La Organización Meteorológica Mundial prevé un incremento de temperaturas, sequías, lluvias intensas y mayor actividad ciclónica como consecuencia del fenómeno climático.
La Organización Meteorológica Mundial (OMM), organismo especializado de las Naciones Unidas, alertó sobre el probable desarrollo de un fenómeno de El Niño de intensidad moderada a fuerte durante los próximos meses, condición climática que podría extenderse entre nueve y doce meses y generar impactos significativos en diversas regiones del planeta.
De acuerdo con el pronóstico del organismo internacional, los indicadores oceánicos y atmosféricos muestran un acelerado calentamiento de las aguas superficiales del océano Pacífico ecuatorial, fenómeno que comenzó a fortalecerse entre finales de abril y mediados de mayo.
La OMM señaló que, además del aumento de la temperatura en la superficie marina, se han detectado condiciones inusualmente cálidas en las capas subsuperficiales del Pacífico tropical, con registros que superan hasta en seis grados centígrados los valores promedio, lo que favorece el desarrollo y permanencia de El Niño.
La secretaria general de la OMM, Celeste Saulo, advirtió que este fenómeno podría provocar un incremento de las temperaturas globales durante los próximos meses, además de intensificar eventos climáticos extremos como sequías prolongadas, lluvias torrenciales, olas de calor terrestres y marinas, así como una mayor actividad de huracanes en el Pacífico central y oriental.

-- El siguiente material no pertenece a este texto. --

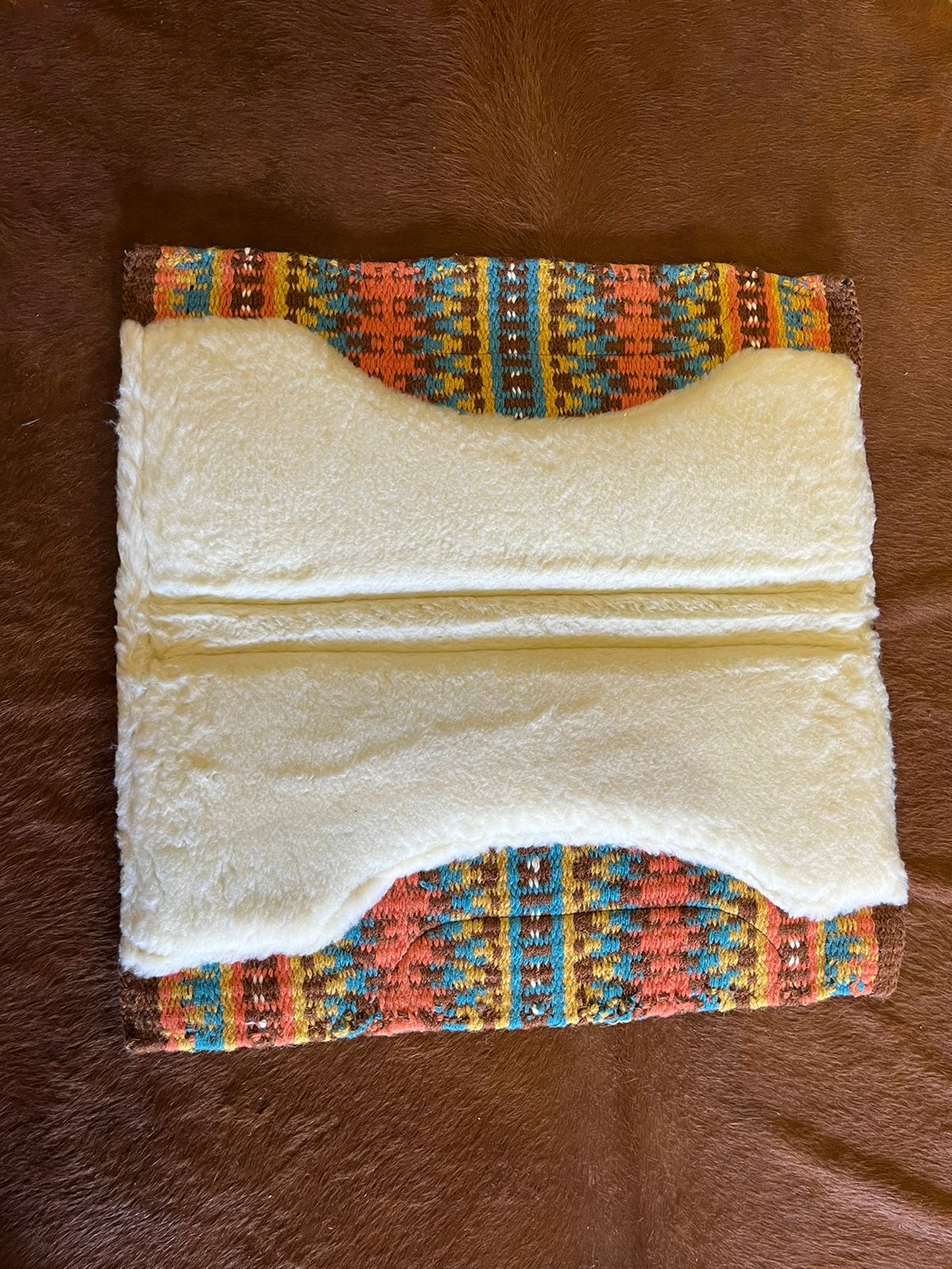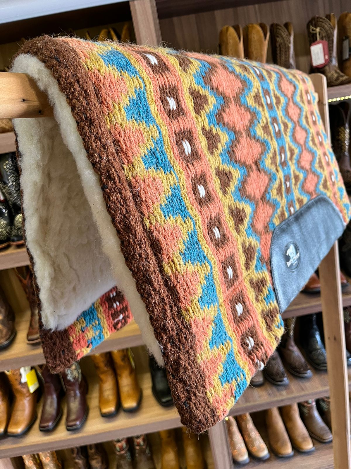 Manta Navajo Boots Horse Curvada 30×32 Salmão/Marrom/Azul Cód. 9039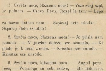 Pesem Sveta noč, blažena noč je bila prvič zapeta na sveti večer leta 1818 v cerkvi sv. Nikolaja v avstrijskem Oberndorfu, severno od Salzburga. Danes se poje v 300 jezikih in dialektih, tudi v prekmurskem.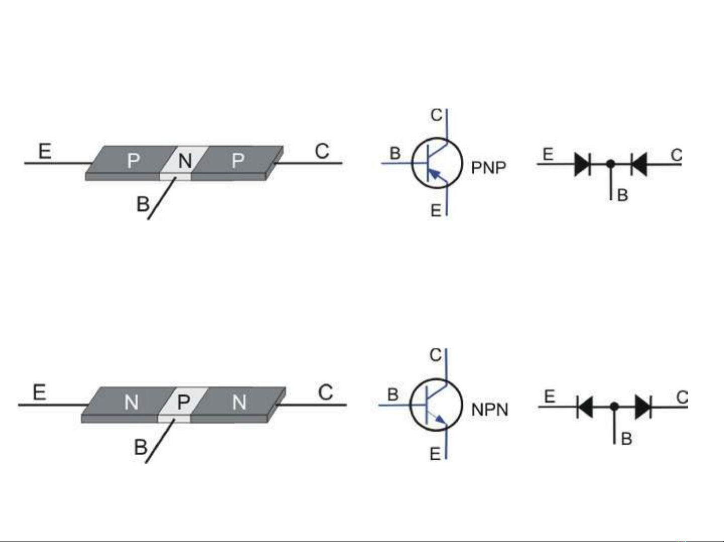Transistor gồm hai mối nối PN để hình thành nên 3 vùng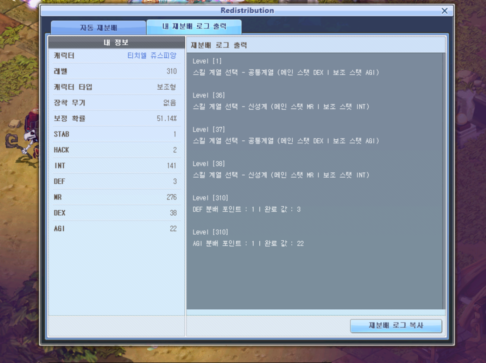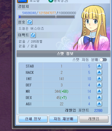재분이 되다 만 것 처럼 스탯포인트가 대부분 찍혀있지 않아요 ㅠ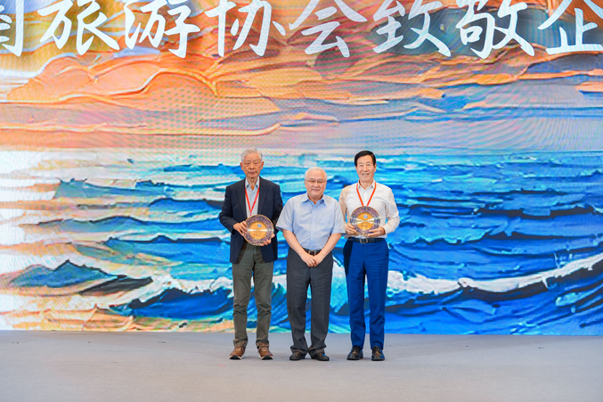会上举行2025年中国旅游协会致敬企业家仪式,两位新生代企业家孙晓东和邱凯分别宣读王正华、陈妙林的致敬词。

Entre las regiones que podrían registrar alteraciones en los patrones de precipitación y temperatura se encuentran el sur de Sudamérica, el sur de Estados Unidos, el Cuerno de África y diversas zonas de Asia Central, donde se prevén cambios significativos en las condiciones climáticas habituales.
La OMM recordó que la última aparición de El Niño, entre 2023 y 2024, contribuyó a que 2024 fuera considerado el año más cálido del que se tiene registro a nivel mundial. Ante este nuevo escenario, el secretario general de la ONU, António Guterres, reiteró la necesidad de acelerar las acciones para enfrentar la crisis climática y fortalecer la transición hacia fuentes de energía más sostenibles.
Aunque los especialistas señalan que no existe evidencia concluyente de que el cambio climático incremente la frecuencia o intensidad de El Niño, sí advierten que el calentamiento global agrava los efectos asociados a este fenómeno, aumentando la severidad de las precipitaciones extremas, las sequías y las olas de calor en distintas regiones del mundo.